Political party in the Maldives

The People's National Front (ޕީޕަލްސް ނެޝެނަލް ފްރޮންޓް, PNF) is a political party is a right-wing political party in the Maldives, founded in 2023 by Zeine Abdulla Yameen after former President Abdulla Yameen split from the Progressive Party of Maldives. It advocates social conservatism and right-wing populism, with a focus on nationalist policies.

==History==

Former President of the Maldives Abdulla Yameen left the Progressive Party of Maldives after an internal conflict between the PNC and PPM coalition, then decided to form his own party.

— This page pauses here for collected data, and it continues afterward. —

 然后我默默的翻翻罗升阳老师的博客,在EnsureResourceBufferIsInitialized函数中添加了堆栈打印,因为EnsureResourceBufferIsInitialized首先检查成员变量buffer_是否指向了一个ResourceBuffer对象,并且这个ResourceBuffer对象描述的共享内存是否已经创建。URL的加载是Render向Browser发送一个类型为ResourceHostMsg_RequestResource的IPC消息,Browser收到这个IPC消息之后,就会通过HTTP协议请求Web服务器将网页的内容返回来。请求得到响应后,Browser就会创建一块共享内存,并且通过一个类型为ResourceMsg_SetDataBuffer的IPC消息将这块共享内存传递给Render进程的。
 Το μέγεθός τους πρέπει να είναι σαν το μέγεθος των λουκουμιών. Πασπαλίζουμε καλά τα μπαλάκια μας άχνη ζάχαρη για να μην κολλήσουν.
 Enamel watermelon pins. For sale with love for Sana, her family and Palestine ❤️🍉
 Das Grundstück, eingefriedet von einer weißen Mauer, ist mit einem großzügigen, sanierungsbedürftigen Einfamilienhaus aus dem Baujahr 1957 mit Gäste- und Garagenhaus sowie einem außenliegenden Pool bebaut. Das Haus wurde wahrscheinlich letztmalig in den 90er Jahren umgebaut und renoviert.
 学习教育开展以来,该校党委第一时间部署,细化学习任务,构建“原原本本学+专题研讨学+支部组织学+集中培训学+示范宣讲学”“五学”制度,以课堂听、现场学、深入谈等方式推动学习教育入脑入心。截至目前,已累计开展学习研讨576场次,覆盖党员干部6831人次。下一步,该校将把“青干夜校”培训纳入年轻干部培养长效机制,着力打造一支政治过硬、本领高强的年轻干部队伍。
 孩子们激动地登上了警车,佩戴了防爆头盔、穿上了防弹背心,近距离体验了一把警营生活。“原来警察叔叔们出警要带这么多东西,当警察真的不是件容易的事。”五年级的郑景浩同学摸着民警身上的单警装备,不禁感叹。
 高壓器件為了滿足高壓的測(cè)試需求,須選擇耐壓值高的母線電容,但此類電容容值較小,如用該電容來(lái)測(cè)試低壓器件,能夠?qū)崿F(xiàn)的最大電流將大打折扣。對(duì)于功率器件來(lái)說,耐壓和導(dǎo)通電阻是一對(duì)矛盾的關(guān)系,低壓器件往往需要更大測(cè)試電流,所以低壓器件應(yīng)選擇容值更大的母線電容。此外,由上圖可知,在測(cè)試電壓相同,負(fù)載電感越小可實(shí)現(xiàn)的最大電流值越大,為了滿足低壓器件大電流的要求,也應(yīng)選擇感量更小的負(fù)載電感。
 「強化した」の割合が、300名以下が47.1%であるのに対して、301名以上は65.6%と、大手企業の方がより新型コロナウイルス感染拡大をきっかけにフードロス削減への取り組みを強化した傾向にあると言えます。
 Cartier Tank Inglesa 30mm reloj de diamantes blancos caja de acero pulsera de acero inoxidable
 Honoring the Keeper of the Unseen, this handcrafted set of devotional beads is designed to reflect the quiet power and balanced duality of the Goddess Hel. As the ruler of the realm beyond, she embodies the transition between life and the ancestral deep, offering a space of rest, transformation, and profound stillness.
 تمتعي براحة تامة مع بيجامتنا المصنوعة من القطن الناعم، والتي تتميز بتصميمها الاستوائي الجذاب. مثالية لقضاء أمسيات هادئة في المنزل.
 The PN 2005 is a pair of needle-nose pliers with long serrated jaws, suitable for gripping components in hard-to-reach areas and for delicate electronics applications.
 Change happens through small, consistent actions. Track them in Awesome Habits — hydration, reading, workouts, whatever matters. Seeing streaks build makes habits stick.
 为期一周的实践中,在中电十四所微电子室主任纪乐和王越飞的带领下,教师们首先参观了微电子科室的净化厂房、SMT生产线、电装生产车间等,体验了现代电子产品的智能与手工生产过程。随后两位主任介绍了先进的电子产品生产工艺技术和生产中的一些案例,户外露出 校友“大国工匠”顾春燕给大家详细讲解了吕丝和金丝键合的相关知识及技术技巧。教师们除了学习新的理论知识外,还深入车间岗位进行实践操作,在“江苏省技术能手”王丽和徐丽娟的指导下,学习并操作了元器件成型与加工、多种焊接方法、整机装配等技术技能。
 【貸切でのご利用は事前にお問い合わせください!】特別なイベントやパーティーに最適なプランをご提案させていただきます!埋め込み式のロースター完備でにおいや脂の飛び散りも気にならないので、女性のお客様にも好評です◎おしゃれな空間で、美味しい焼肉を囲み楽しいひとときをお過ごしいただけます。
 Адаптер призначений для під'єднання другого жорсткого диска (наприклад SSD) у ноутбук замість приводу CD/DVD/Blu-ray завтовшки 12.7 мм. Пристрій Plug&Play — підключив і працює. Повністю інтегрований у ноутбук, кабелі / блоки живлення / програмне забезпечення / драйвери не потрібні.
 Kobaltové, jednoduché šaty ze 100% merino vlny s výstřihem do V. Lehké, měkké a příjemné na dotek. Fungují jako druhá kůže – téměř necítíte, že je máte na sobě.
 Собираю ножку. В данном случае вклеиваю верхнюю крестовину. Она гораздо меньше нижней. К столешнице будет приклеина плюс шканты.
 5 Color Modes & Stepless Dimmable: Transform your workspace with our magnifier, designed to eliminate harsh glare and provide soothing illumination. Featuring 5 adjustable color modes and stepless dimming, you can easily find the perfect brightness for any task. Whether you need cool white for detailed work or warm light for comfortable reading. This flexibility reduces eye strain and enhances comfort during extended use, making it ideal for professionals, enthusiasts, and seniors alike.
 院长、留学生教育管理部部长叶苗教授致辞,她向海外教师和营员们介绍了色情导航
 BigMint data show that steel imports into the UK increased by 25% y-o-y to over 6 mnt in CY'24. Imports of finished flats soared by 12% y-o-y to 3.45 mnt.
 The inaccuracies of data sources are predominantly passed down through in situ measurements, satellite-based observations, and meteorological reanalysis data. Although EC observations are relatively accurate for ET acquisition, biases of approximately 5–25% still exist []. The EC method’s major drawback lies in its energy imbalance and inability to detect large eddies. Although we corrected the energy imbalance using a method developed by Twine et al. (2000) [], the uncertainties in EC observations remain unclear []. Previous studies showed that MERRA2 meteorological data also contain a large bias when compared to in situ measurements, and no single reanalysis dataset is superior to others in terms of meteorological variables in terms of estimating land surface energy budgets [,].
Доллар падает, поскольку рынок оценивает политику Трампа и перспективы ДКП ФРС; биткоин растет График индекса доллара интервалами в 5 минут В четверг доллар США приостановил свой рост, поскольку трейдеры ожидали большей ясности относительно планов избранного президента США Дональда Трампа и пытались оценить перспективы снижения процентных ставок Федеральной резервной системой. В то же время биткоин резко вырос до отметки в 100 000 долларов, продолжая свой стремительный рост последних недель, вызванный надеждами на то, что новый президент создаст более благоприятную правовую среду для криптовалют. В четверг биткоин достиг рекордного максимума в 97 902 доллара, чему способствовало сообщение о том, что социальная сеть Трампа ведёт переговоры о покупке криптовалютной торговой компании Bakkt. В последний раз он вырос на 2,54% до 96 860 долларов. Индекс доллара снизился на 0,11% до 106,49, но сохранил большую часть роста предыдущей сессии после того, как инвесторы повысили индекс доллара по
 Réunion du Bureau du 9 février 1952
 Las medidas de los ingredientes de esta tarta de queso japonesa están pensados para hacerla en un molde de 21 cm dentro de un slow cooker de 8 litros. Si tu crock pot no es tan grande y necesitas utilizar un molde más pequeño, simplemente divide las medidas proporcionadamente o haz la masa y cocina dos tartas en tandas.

Yameen and other members requested approval for the party by the Elections Commission (EC) on 23 November 2023, but since Yameen was serving a sentence for money laundering and bribery, he lacked the authority to do so. His aides went to the EC to discuss the new party. The 8 founding members of the PNF party are:
- Abdulla Yameen (leader and Chairperson)
- Zeine Abdulla Yameen (founder and Vice Chair)
- Mohamed Jameel Ahmed (Vice Chair)
- Abdulla Jihad
- Ahmed Musthafa Mohamed
- Hussain Waheed
- Adhlee Ismail
- Ali Adam
According to the EC regulations, only one official founder was allowed. Hence, the group chose Abdulla Yameen's son Zeine Abdulla Yameen. The party's name, logo, and colors were unveiled on 25 November 2023. It adopted a logo and colors reminiscent of Yameen's previous party, People's Alliance (PA). He was given permission to form the party and was given 3 months to submit 3,000 membership forms to the Elections Commission of the Maldives.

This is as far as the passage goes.